Fin de vie : 15 ans après le suicide de la Dijonnaise Chantal Sébire, "on en est toujours au même point"

Le 19 mars 2008, Chantal Sébire, une enseignante à la retraite, se suicidait à son domicile de Plombières-lès-Dijon. À 52 ans, elle souffrait d'une forme rare et incurable de tumeur au visage et avait tenu à médiatiser son histoire. 15 ans plus tard, comment la législation sur la fin de vie a-t-elle évolué ?

Chantal Sébire avait tenu à témoigner de sa souffrance, sans espoir d'amélioration de sa santé, et du refus de sa demande d'euthanasie par le tribunal d'instance de Dijon. Puis elle avait décidé de s'éteindre à son domicile, entourée des siens et en toute conscience, en absorbant une dose mortelle de barbituriques, des médicaments sédatifs.

Cette ancienne enseignante qui résidait à Plombières-les-Dijon souffrait d'un cancer incurable des sinus et de la cavité nasale, qui lui déformait le visage et lui causait d'atroces douleurs. Elle témoignait dans ce reportage auprès de France 3 Bourgogne.

En 2008, la France appliquait alors la loi Léonetti du 22 avril 2005, qui n'autorisait que l'abandon des soins thérapeutiques. Entre temps, la loi a évolué, avec la nouvelle loi Claeys-Léonetti en 2016 et l'évolution du débat dans la société. Mais si l'histoire de Chantal Sébire se passait aujourd'hui, en 2023, comment son cas serait-il traité ?

15 ans plus tard, "on refuse toujours l’acte de mettre fin à une souffrance"

Le médecin généraliste qui avait soigné Chantal Sébire, le docteur Emmanuel Debost, estime que, 15 ans plus tard, il n'y a eu aucune avancée pour permettre une euthanasie active pour des patients dont l'issue est fatale : "On refuse toujours l’acte de mettre fin à une souffrance de manière active, ce qu’on appelle maintenant l’aide active à mourir." Les explications à cet immobilité sont, selon lui, multiples.

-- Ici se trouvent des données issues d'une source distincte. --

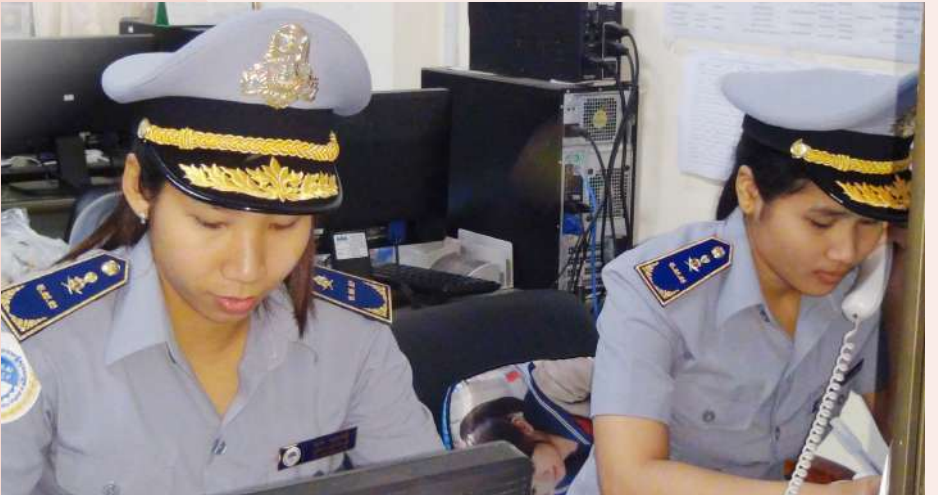
សកម្មភាពទំនាក់ទំនងការងារ របស់អតិថិជនជាមួយក្រុមការងារ Hotline

ទន្ទឹមនឹងទទួលបានលទ្ធផលជាផ្លែផ្កាក្តីក៏នៅមានបញ្ហាប្រឈមមួយចំនួនដែរ ដែលតម្រូវឱ្យក្រុមការងារ HOTLINE នៅតែខិតខំប្រឹងប្រែងដោះស្រាយ រាល់ការប្រឈមនោះឱ្យមានភាពរលូន និងរហ័សទាន់ ពេលវេលាដើម្បីបម្រើសេវាសាធារណៈ ជូនដល់សមាជិក នៃបេឡាជាតិរបបសន្តិសុខសង្គម ឱ្យបានល្អបន្ថែមទៀត។

"C’est un fait de société, une résistance du monde religieux, une résistance d’une partie des soignants."

Emmanuel Debost

médecin de Chantal Sébire

"Ce qui est étonnant, c’est qu'une partie de ces gens s’occupent des soins palliatifs, alors que cela devrait être complémentaire. On a l’impression qu’à force de promouvoir une aide active à mourir, on va à l’encontre des soins palliatifs, ce qui n’est pas vrai du tout. Par ailleurs, certains opposants affirment dans les médias que la loi actuelle est mal appliquée, ce qui n’est pas tout à fait vrai."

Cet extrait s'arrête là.